The paper, “Covid-19 infection risk on U. domestic airlines,” appears online this month in the Health Care Management Science journal. An airline policy change spurred the current study about the transmission of the Covid-19 virus from early in the pandemic — Delta Air Lines started leaving open the middle seats on domestic flights to de-densify its planes, a practice that some other airlines followed for a while. To conduct the study, Barnett and Fleming amalgamated public health statistics about Covid-19 prevalence, data from peer-reviewed studies about Covid-19 contagion mechanisms, data about the spread of viruses on airlines generally and the spread of Covid-19 on international airlines, and some available industry data about seat-occupancy rates on domestic jet flights.

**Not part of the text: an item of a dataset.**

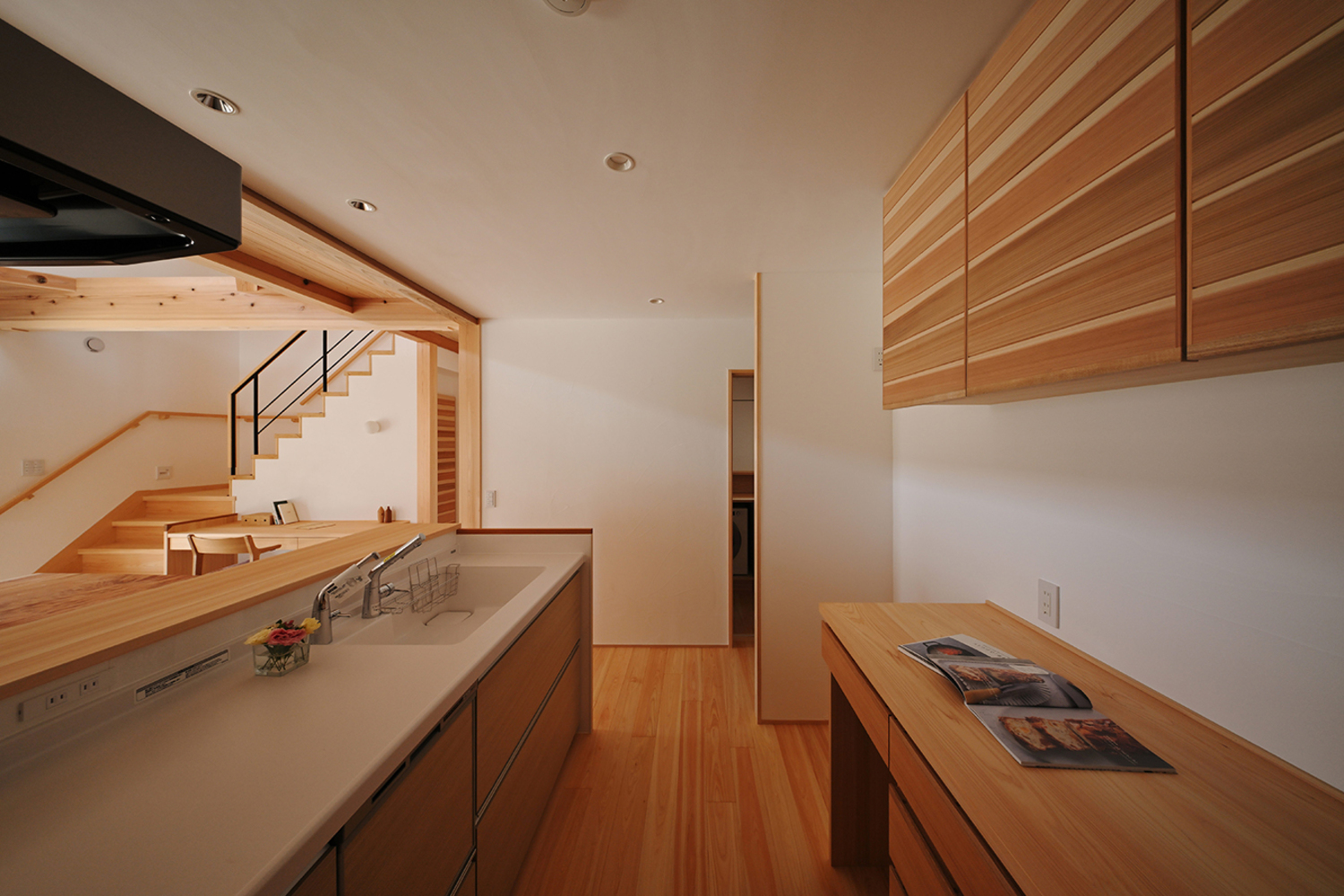 キッチン奥には、洗濯スペースとクローゼットを設計。家事がスムーズにつながる動線です。

They then estimated transmission risks on domestic airlines through extensive modelling. The researchers used a two-hour flight for their estimates because that is about the average duration of a domestic flight. As their aeroplane settings, the scholars used a Boeing 737 and Airbus A320, workhorse planes in the U. with a single aisle, three seats on either side and typical capacities of about 175 passengers.

Most such planes have high-functioning HEPA air-purification systems, which help reduce the transmission risk of airborne illnesses. Using the prevalence of Covid-19 as a starting point and integrating airborne transmission data, Barnett and Fleming modelled what would likely happen on flights filled with various passenger loads.

Ultimately Barnett and Fleming did find a notable dropoff in transmission risk when planes have fewer people on them — whether having fewer passengers is due to lack of demand or because airlines were leaving middle seats open. While it is true that leaving middle seats open does not eliminate all proximity with all other passengers, it does reduce the extent of proximity with others and thus appears to lower the overall transmission risk. As Barnett readily notes, pandemic circumstances and airline policies keep evolving, meaning that their estimates for the 2020-2021 period in the study may not translate precisely to the summer of 2022.

Despite the availability of vaccines, he believes the reduced amount of masking, the more-crowded flights, and easy transmissibility of current variants all mean that risks could have increased. “If we were to estimate the chances of infection now, it could be considerably higher,” Barnett says. Still, he adds, the approach used in this paper could readily be adapted to updated studies about in-flight transmission risks for Covid-19 or other viruses. “Modeling like that presented here could help in assessing the changed situation, much as the general approach might help in connection with a future pandemic,” Barnett and Fleming write in the paper.